Nin, Barnes, Critical Feminist Unconscious

"For women is man's creation, in the view of Nin's characters. . . "

It's been a while, but I don't recall anything special about that in Nin. Perhaps it's just that I do not share certain conventions about men and women being independent of each other. One survives; one is blue. How much suffering constitutes dependency? Nin's characters do produce several believable images of being "split" over love. But frankly, I don't see why one shouldn't react to Nin as a late Romantic humanist working in forms that date from Baudelaire or Rimbaud's old Foolish Virgin, What's-His-Name.

H does engage N's persistant freudian (we're really talking about Otto Rank here, N's analyst). The awkwardness of Freud's boys-only terminology runs through the discussion, but not in any way that Nin herself would find overwhelmingly strange. Nin's romantic personae are fruity and abundant, but why I should think the remove or discontinuity of the post-symboliste imagery and Freud-via-Rank-and-Artaud reflexive gestures constitute a more complete response to anything, I have no idea.

Barnes may be more interesting. Her women are, of course, incomplete (74). Of course, the paunchy guy she roasts in the opening pages can hardly be complete without his Hedwig, hein? Hedwig who thrusts her baby from her, hands it some ridiculous name, and dies. Who's complete? Female desire, or "incompleteness," if we must, occupies Barnes more than any corresponding male anything. All of which is fine, but doth not an ideology make. Harper's take:

. . . Barnes's work, along with Nin's, is informed by a feminist political unconscious that actually provides the narrative tension necessary to bind the work in a choherent whole. The suppression of that feminist content beneath the depiction of a generalized existential malaise reproduces the very disenfranchisement of women that the text simultaneously represents, in the form of psychic fragmentation (89).

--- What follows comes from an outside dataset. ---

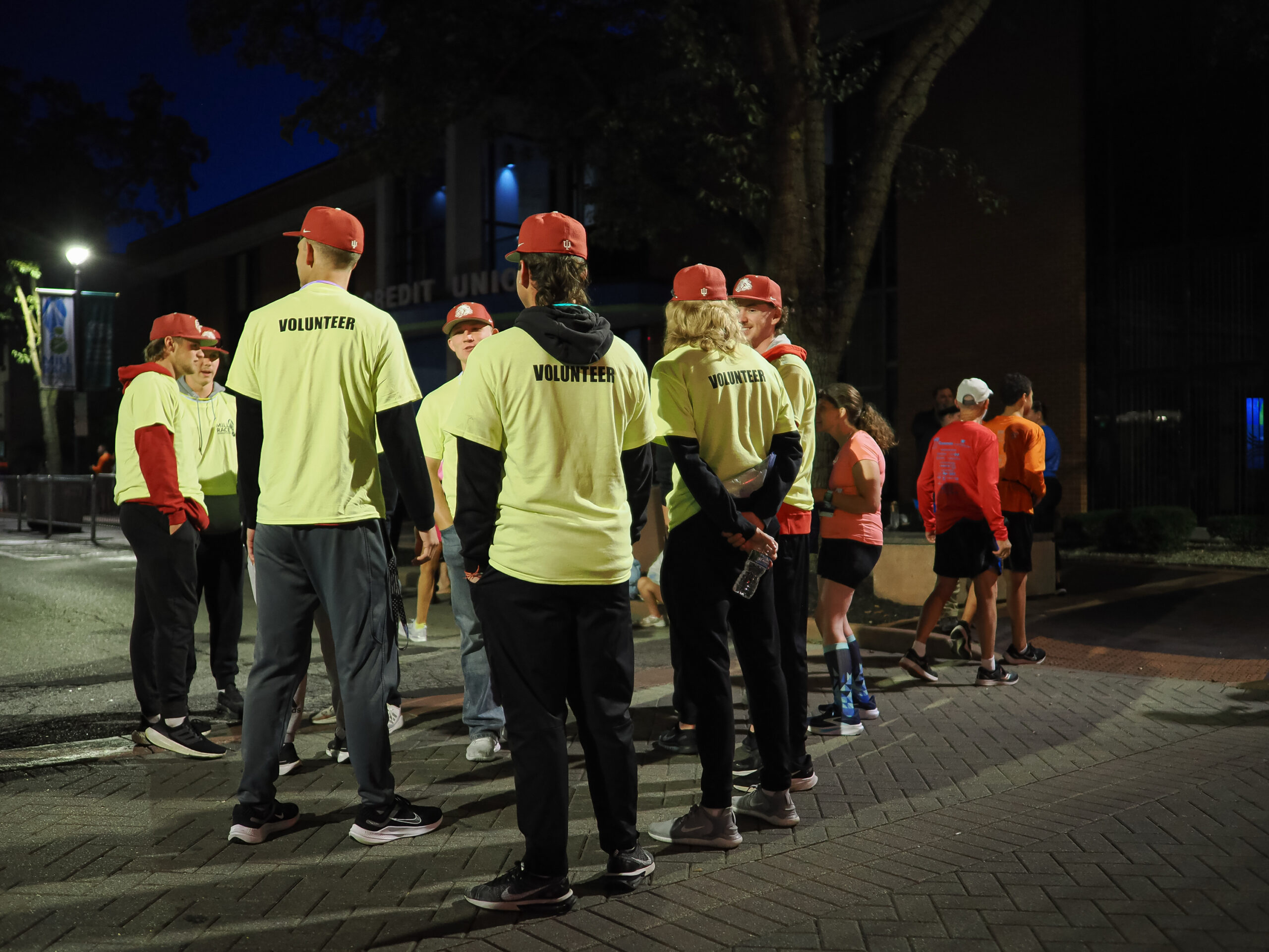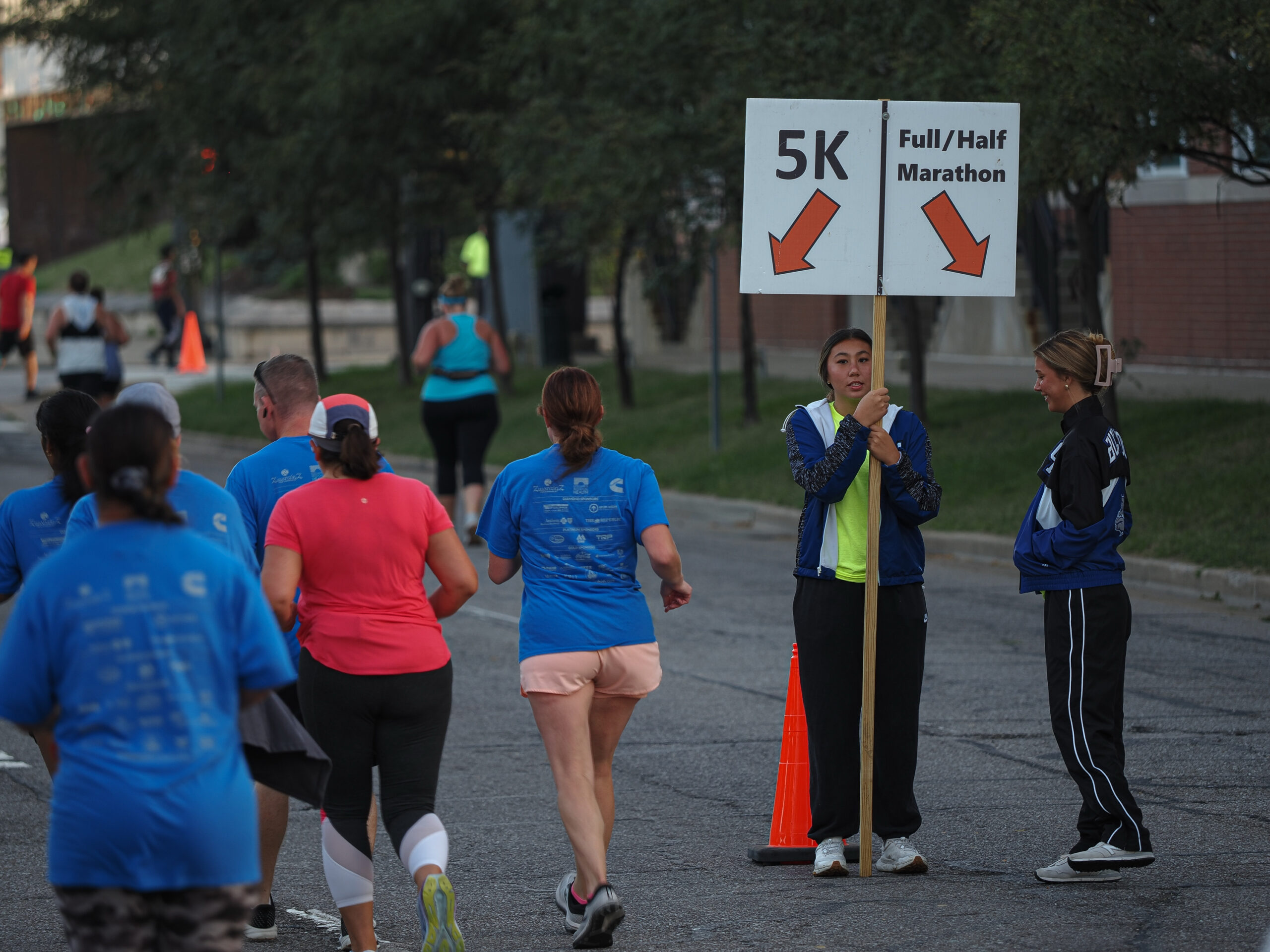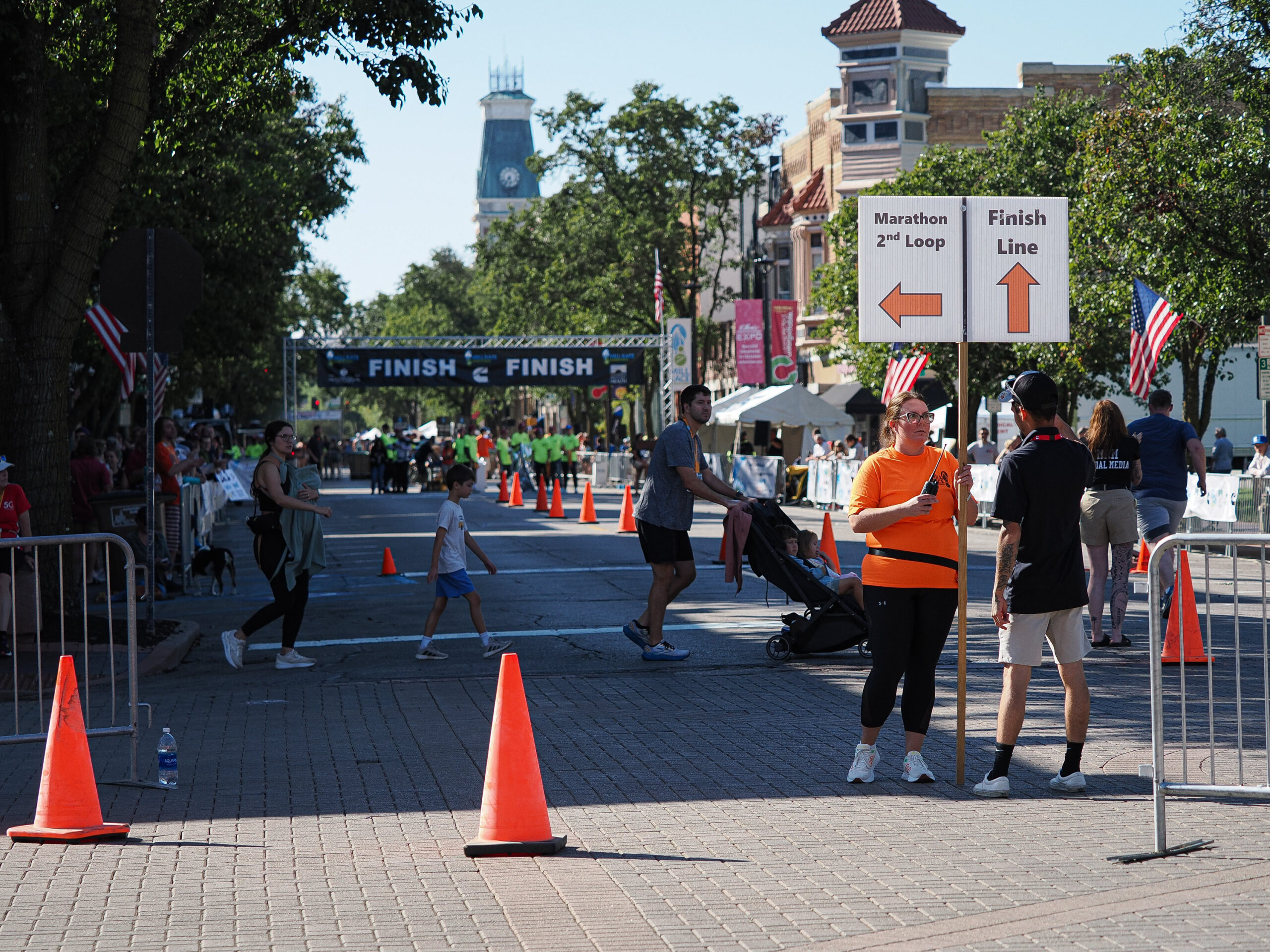 Volunteers gather at the intersection of Fifth and Washington streets for the Mill Race Marathon in downtown Columbus, Ind., Sept. 27, 2025.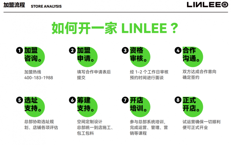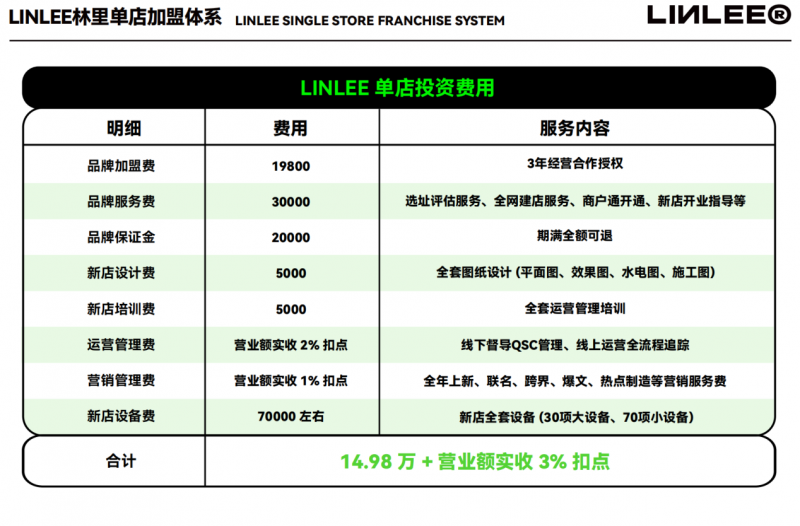 ●投资门槛低:LINLEE单店加盟的基础投入(含加盟费、服务费、保证金、设计费、培训费及设备费)合计约14.98万元起,且所有费用透明化,无隐性增项。

All this seems pretty arbitrary. Social and sexual desires have always been as political as they have been anything else, since at least Simone de Beauvoir explicitly so. If all we mean is that the authors have unresolved desires that relate to politics, point granted. What is or is not "conscious" or "repressed" remains unclear. Nin certainly seems somewhat occulted behind the veils of symbol, and I for one would be more willing to call this "aesthetization" than I would use the term for a modernist, which Nin is not. Yet surely, Barnes' evocative, biting text should not be subject to the same criticism just because Nora and Robin don't ride off into the sunset.
A politically conscous criticism will entail the excavation of that feminist content through a reading designed to illuminate the various specific conditions that will become inscribed in the postmodern moment of the late twentieth century (89).


Gwendolyn Brooks.

Here we're establishing black female subjectivity. So in the poem "A Bronzeville Mother Loiters in Mississippi. Meanwhile, a Mississippi Mother Burns Bacon," we're to understand that the parallel sentences are not parallel. If I understand the intention, the personae are not in symmetrical situations, and H finds the latter sentence priviledged grammatically. The semiotics used to further describe this are strange.

"One reason for this lies in what Saussure has identified as the linear nature of linguistic signification" -- if indeed it is the signification that can be considered linear. Signification requires comparison of earlier and later grammatical elements, which requires recursion. A Saussurian system must involve a comparison of said elements with the entire system, so the recursion might be rather involved. H considers that ". . . what is under our consideration at any given moment must necessarily predominate . . ." (100). The reader may judge whether that is always so.